What lowest earning lecturer will get under new CBA
Universities Academic Staff Union proposal
If we accept that agreements can be changed unilaterally, then none of us is truly secure.
In Summary
A few months ago, I wrote about the court ruling concerning the Collective Bargaining Agreement signed by the doctors’ union and the government.
At the time, I approached the issue with the limited legal expertise I possessed, aiming to present it in a way that made sense to the everyday Kenyan—the common mwananchi.
Today, however, I want to revisit this topic from a more nuanced legal perspective, guided by a recent opinion presented by Justice Njoki Ndung’u.
Her insights shed light on how courts should handle declarations of unconstitutionality, offering a framework that, if applied consistently, might have led to a different and perhaps fairer outcome for Kenya’s doctors.
In 2017, the government and the doctors’ union shook hands on a CBA, setting out clear terms for salaries, working conditions and benefits.
Fast forward to 2025, and that agreement suddenly seemed as optional as a receipt at a roadside kiosk.
The recent court ruling implied that the government could reinterpret or renegotiate the CBA unilaterally, effectively turning a binding contract into a mere suggestion.
For the doctors—and for anyone who believes that a promise, especially one enshrined in a legal contract, should mean something—this ruling was a gut punch.
But what if the court had applied the principles outlined by Justice Ndung’u? One of her key messages was that legally binding agreements should not be unilaterally altered unless all parties involved agree.
You know, like how you cannot just decide to change the terms of your rent agreement halfway through the lease because you suddenly prefer a lower figure.
She also warned against the dangers of abrupt legal changes, which can create administrative chaos and disrupt the lives of ordinary people.
When declaring laws unconstitutional, she argued, courts should aim for fairness, stability and predictability—ideals that seem to have been lost in the recent doctors’ ruling. So, what might have happened if the court had taken a different approach?
According to Justice Ndung’u’s opinion, the court could have issued a structural interdict (a court order requiring specific corrective actions under supervision) instead of outright dismissing the doctors’ claims.
This would have meant instructing the government to honour the CBA while giving it a reasonable timeframe to address any valid concerns.
Think of it like telling a store owner, “You can’t change the price of bread overnight without notice—give your customers some time to adjust.”
Additionally, the court could have maintained the status quo, preserving the doctors’ agreed-upon pay until a new agreement was legally established.
While keeping hospitals functional is crucial, so is treating doctors fairly.
Justice Ndungu’s approach would have helped strike that balance, ensuring neither side felt like they had been left out in the cold. This isn’t just a doctors’ problem; the implications run deeper. This ruling sets a precedent.
If a legally binding agreement with the government can be turned into a suggestion, what stops this from happening to your employment contract, your pension or even your mortgage terms?
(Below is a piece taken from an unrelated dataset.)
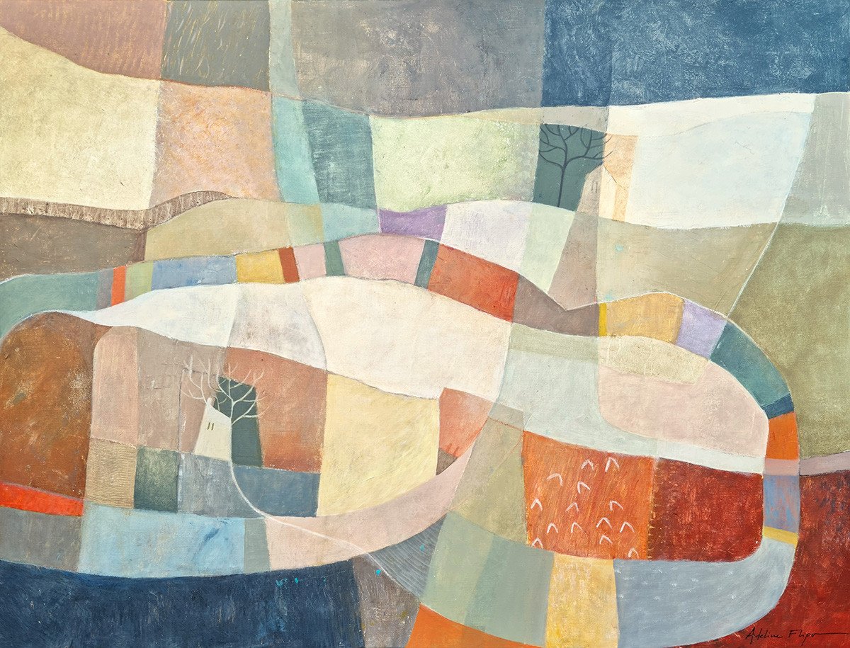 Au milieu de cette apparente abstraction les teintes souvent organiques évoquent le souvenir d'un paysage où se cache volontiers la présence discrète d’un arbre, d’une cabane. Ses couleurs douces, ses jeux de transparences créent une danse visuelle entre calme et effervescence.

If we accept that agreements can be changed unilaterally, then none of us is truly secure.
It’s like living in a world where a contract means as much as a promise made by a Nairobi matatu conductor—secure only until the next stop.
Justice Njoki Ndungu’s opinion was not just legal theory; it was a practical guide to fair judicial practice. The court had the opportunity to suspend any invalid parts of the CBA (a method known as suspension of invalidity, where the court delays the legal effect of its decision to avoid chaos), allowing doctors to receive their promised pay while the government worked through any issues legally.
Instead, what we got was a decision that felt like being promised a hot cup of tea, only to be served lukewarm water— unfulfilling and leaving a bad taste in your mouth.
Doctors, unions and indeed all of us need to push for clarity and fairness in legal interpretations.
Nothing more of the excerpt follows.